3 assemble a simple C language program analyzed and assembly instructions execution
Enter the ls command to see the "Code" and "LInuxKernel", because the directory "Code" in accordance with "experimental building" the convention is to use the directory to save the user to write code, so the next "Code" directory to operate.
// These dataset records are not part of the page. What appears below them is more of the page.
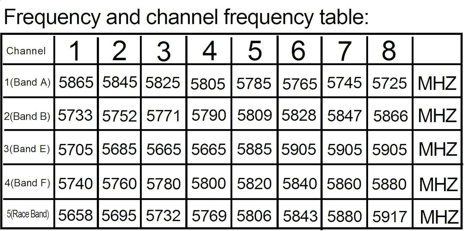 Frequency:5.8GHz 5 bands 37 channels, with Raceband: 5658-5917MHz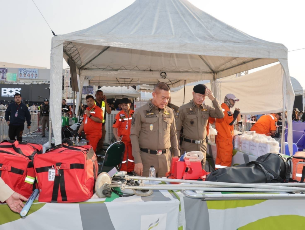 ช่องทางเข้าออก บริเวณสถานที่จัดงาน ใช้กำลังพลคัดกรอง บันทึกภาพจาก CCTV จำนวน 32 ตัว, กล้องตำรวจ 4 ตัว และการตรวจสอบข้อมูลบุคคลจาก application crimes online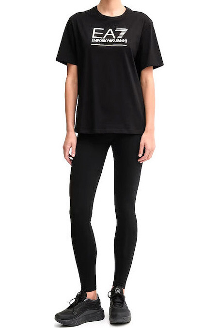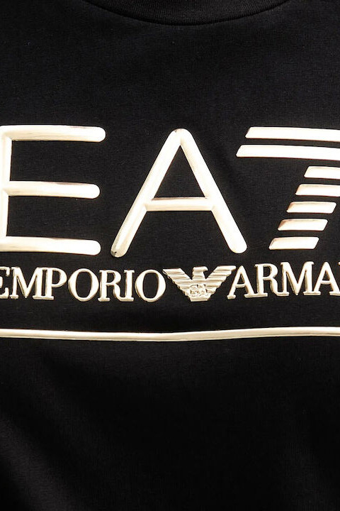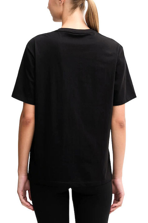 %100 pamuklu doğal dokusuyla cildinize nefes aldıran bu siyah tişört, şıklığı ve konforu bir arada sunar. Ön kısmında yer alan dikkat çekici metalik görünümlü ve büyük boyutlu marka logolu baskı, tasarıma lüks ve modern bir hava katar. Tam kalıp kesimi ve bisiklet yaka detayı ile vücuda rahatça oturur. Hem spor şıklığında hem de günlük kombinlerinizde parıltılı ve iddialı bir stil yaratmak için idealdir.

The C code used in the experiment are:
1 // main.c
2 int g(int x)
3 {
4 return x + 4;
5 }
6
7 int f(int x)
8 {
9 return g(x);
10 }
11
12 int main(void)
13 {
14 return f(6) + 1;
15 }
在命令行下输入" vi main.c"命令打开文本编辑main.c文件,按"i"键进入输入状态,如下图所示:
接下来在文本编辑器VIM中按“Shift” + “:”进行文本编辑的命令模式,输入“wq”就可把代码保存到main.c中,并退出VIM编辑器,但是我遇到了一个问题就是在插入模式下按照前边操作是无效没有反应的,我的解决方案是:按ESC退出编辑模式,此时的模式为“NORMAL”模式,然后再输入冒号,接着输入“wq”,再按回车键即可,如下图所示:
然后使用gcc main.c命令编译main.c这个代码文件,这时会生成一个目标文件a.out,它是可执行的,但此时看不到任何信息,可以通过echo $?命令查看这个程序的返回值,该C语言程序的结果为11,如下图所示:
接着可以把main.c编译成一个汇编代码,可使用gcc -S -o main.s main.c -m32这个命令,如下图所示:
此时我们可以看到main.s汇编文件还有一些“.cfi_”打头的字符串以及其他以“.”打头的字符串,这些都是编译器在链接阶段所需的辅助信息,可以通过在VIM中输入“g/\.s*/d”命令删除所有以“.”打头的字符串简化main.s里的汇编代码,注意在这里VIM编辑器要在“NORMAL”模式下输入“:”,再输入“g/\.s*/d”命令,按回车键即可,如下图所示:
接着我介绍一下在上面main.s文件中新出现的汇编指令leave指令,还有与leave指令相对应的enter指令。
leave指令用来撤销函数堆栈,等价于下面两条指令:
1 movl %ebp, %esp
2 popl %ebp
enter指令用来建立函数堆栈,等价于下面两条指令:
1 pushl %ebp
2 movl %esp, %ebp
最后对该C语言程序的汇编代码进行分析:
首先假定堆栈为空栈的情况下EBP和ESP寄存器都指向栈底,而且为了简化起见,我们为栈空间的存储单元进行标号,压栈时标号加1,出栈时标号减1,如下图所示:
下面是我的分析过程:
我在分析汇编代码时movl 8(%ebp), %eax中的间接寻址产生了一个误区:我以为使用ESP寄存器变址寻址,是ESP寄存器向上移动两个标号,导致我后边的分析出了差错。后来翻看课本对间接寻址的定义,才知道是EBP寄存器存储的数值加8,ESP寄存器不移动。
4 总结
在本次学习中,我通过课本,再一次回顾了存储程序计算机工作模型以及基本的一些的汇编语言,重点是再一次深入理解了函数调用堆栈相关汇编指令,如call/ret和pushl/popl,还有leave和enter,并通过自己动手实践将一个C语言代码程序在Linux环境下运行,同时反汇编C语言程序,最后自己分析了汇编代码是如何在存储程序计算机工作模型上一步步执行的。